Find the line containing "Z poziomu tarasu" in the records below. Copy exactly that line and each one after it, ending at the line containing "<스타듀 밸리>는 이미150만장이", and nothing more.
====== DATA PROVIDED ======
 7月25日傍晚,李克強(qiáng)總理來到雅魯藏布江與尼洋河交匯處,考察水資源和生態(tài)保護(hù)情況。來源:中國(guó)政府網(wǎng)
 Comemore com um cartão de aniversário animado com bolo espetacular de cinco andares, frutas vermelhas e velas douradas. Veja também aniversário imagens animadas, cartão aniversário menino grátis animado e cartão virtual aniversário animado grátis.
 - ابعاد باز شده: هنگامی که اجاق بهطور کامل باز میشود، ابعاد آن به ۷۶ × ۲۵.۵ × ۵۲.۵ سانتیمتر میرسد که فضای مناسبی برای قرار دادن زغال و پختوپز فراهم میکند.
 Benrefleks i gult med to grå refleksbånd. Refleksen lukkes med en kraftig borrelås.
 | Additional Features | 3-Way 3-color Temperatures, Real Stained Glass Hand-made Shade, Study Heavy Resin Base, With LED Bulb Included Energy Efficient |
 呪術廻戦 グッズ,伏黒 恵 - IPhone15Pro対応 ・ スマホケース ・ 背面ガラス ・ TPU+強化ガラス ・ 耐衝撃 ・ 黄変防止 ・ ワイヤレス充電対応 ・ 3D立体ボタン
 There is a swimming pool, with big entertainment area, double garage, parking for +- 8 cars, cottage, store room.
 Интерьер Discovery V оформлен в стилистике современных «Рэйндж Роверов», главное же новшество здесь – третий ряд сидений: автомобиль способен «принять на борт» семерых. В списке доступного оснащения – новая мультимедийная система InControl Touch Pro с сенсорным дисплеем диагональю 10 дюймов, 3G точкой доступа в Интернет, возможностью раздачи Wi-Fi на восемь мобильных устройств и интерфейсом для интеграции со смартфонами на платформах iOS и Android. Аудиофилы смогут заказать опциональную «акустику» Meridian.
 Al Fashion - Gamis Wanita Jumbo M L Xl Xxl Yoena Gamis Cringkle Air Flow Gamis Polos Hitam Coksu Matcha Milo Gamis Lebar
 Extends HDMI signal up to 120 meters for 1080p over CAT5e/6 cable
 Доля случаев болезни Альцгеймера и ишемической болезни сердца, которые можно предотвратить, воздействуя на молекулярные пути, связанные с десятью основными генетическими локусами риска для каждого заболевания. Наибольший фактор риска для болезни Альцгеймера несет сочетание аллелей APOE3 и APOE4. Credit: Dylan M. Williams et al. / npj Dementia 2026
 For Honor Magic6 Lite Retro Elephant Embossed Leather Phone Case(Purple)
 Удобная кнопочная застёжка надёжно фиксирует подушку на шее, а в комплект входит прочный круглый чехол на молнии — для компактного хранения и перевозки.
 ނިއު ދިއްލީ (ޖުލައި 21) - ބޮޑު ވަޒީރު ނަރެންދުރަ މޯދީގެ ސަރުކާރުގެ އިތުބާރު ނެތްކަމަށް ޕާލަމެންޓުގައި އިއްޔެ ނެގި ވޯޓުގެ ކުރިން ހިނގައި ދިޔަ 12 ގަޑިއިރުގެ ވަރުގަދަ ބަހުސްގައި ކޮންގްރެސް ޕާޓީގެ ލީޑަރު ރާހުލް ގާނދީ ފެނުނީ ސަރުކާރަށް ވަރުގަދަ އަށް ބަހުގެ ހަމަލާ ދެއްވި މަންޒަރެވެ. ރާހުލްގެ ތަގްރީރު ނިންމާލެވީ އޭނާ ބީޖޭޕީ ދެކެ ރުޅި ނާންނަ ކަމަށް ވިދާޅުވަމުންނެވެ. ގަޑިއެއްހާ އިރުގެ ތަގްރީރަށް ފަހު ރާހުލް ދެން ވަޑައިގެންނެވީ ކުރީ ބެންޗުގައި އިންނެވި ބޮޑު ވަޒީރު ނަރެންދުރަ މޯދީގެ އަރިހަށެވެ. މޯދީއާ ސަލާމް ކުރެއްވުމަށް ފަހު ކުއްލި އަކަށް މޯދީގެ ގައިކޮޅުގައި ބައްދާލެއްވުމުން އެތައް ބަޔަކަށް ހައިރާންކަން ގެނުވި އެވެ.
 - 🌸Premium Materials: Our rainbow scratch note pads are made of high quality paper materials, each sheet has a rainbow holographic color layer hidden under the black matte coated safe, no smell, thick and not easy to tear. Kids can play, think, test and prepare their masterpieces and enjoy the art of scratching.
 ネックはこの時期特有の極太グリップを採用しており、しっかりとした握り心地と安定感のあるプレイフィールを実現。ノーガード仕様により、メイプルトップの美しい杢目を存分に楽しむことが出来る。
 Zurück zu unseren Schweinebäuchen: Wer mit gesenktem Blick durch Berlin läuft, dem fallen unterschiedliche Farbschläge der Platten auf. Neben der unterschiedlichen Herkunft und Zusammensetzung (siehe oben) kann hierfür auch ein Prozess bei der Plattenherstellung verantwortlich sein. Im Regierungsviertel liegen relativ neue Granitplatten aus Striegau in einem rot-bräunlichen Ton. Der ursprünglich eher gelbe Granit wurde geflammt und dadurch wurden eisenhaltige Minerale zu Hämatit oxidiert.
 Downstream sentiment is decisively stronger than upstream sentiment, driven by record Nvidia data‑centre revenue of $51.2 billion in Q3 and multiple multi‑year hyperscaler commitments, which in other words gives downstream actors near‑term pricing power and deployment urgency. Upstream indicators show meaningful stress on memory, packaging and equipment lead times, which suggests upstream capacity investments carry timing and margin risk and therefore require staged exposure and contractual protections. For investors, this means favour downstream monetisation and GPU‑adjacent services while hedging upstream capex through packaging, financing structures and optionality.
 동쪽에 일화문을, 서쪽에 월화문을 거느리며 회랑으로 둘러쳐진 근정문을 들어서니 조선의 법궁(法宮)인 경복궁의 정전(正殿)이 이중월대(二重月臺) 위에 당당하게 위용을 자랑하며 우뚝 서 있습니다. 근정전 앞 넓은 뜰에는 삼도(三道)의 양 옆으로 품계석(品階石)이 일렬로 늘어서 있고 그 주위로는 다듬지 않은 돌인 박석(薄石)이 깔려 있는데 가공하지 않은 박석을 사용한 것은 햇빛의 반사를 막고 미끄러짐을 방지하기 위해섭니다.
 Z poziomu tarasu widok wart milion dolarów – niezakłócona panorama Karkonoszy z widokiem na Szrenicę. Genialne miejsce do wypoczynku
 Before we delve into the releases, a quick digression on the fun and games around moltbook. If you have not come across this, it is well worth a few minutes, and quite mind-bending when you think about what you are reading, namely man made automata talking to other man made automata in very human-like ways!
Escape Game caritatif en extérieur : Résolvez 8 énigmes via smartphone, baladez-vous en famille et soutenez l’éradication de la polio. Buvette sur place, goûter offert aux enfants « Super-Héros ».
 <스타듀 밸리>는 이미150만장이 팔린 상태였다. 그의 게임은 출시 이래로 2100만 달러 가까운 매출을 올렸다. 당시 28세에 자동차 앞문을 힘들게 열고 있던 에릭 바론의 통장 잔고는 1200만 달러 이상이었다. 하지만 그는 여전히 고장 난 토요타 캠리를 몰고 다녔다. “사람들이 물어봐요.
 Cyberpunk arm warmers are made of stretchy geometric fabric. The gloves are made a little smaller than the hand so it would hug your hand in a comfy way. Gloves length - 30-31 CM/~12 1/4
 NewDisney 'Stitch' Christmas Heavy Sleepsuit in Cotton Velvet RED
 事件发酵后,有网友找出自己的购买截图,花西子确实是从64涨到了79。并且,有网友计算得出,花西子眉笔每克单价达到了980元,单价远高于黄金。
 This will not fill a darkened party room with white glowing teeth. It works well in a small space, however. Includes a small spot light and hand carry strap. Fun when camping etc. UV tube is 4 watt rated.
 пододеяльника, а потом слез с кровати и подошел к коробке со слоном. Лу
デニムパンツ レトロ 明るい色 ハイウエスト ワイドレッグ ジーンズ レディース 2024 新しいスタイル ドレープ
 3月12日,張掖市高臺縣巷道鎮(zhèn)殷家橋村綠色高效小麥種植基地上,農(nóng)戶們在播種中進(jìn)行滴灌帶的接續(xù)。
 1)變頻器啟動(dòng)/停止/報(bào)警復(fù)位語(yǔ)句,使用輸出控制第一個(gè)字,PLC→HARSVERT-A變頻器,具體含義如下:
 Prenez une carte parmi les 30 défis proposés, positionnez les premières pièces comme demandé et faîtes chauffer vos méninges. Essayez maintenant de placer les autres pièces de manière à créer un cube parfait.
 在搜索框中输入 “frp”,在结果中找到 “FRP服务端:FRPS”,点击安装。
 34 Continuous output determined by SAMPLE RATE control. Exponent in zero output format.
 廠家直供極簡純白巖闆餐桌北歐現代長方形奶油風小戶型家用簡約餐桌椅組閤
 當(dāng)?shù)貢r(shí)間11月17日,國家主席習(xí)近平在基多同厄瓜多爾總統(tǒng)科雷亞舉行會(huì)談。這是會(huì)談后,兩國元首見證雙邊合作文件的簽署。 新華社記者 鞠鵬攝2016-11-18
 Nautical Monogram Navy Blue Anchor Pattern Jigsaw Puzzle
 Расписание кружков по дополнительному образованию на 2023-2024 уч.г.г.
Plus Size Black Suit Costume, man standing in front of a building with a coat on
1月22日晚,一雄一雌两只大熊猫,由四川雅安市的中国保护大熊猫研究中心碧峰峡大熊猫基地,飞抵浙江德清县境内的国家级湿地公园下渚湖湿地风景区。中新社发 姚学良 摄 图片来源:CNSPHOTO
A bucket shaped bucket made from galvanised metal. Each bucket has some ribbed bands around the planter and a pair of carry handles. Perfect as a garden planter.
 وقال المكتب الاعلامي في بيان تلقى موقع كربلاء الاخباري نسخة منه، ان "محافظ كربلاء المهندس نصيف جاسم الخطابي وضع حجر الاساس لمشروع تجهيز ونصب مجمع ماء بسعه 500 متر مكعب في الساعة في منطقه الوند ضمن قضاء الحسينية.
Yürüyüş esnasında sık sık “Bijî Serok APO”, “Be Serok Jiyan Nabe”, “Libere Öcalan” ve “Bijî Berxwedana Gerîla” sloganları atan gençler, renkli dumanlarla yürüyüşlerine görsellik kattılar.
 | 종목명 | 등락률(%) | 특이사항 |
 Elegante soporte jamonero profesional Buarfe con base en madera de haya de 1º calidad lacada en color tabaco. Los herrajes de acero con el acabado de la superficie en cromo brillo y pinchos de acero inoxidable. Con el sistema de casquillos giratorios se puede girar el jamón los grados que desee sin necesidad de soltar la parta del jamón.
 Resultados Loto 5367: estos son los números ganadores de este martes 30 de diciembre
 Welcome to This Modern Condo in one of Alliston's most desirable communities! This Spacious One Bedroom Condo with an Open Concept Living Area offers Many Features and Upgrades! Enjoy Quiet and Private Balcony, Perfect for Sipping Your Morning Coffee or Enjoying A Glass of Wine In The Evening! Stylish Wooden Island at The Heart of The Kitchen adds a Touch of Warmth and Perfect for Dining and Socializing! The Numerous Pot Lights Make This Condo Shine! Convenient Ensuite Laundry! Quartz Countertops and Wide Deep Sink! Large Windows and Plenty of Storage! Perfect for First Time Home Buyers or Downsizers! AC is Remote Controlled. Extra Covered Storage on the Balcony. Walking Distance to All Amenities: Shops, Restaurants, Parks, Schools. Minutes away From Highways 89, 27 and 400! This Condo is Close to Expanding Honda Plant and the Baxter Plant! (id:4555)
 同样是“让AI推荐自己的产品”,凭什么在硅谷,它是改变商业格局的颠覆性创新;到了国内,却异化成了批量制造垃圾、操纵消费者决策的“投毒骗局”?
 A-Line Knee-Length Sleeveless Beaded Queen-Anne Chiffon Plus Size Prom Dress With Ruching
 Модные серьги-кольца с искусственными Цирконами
======
- [YOUR RESPONSE]
 Z poziomu tarasu widok wart milion dolarów – niezakłócona panorama Karkonoszy z widokiem na Szrenicę. Genialne miejsce do wypoczynku
 Before we delve into the releases, a quick digression on the fun and games around moltbook. If you have not come across this, it is well worth a few minutes, and quite mind-bending when you think about what you are reading, namely man made automata talking to other man made automata in very human-like ways!
Escape Game caritatif en extérieur : Résolvez 8 énigmes via smartphone, baladez-vous en famille et soutenez l’éradication de la polio. Buvette sur place, goûter offert aux enfants « Super-Héros ».
 <스타듀 밸리>는 이미150만장이 팔린 상태였다. 그의 게임은 출시 이래로 2100만 달러 가까운 매출을 올렸다. 당시 28세에 자동차 앞문을 힘들게 열고 있던 에릭 바론의 통장 잔고는 1200만 달러 이상이었다. 하지만 그는 여전히 고장 난 토요타 캠리를 몰고 다녔다. “사람들이 물어봐요.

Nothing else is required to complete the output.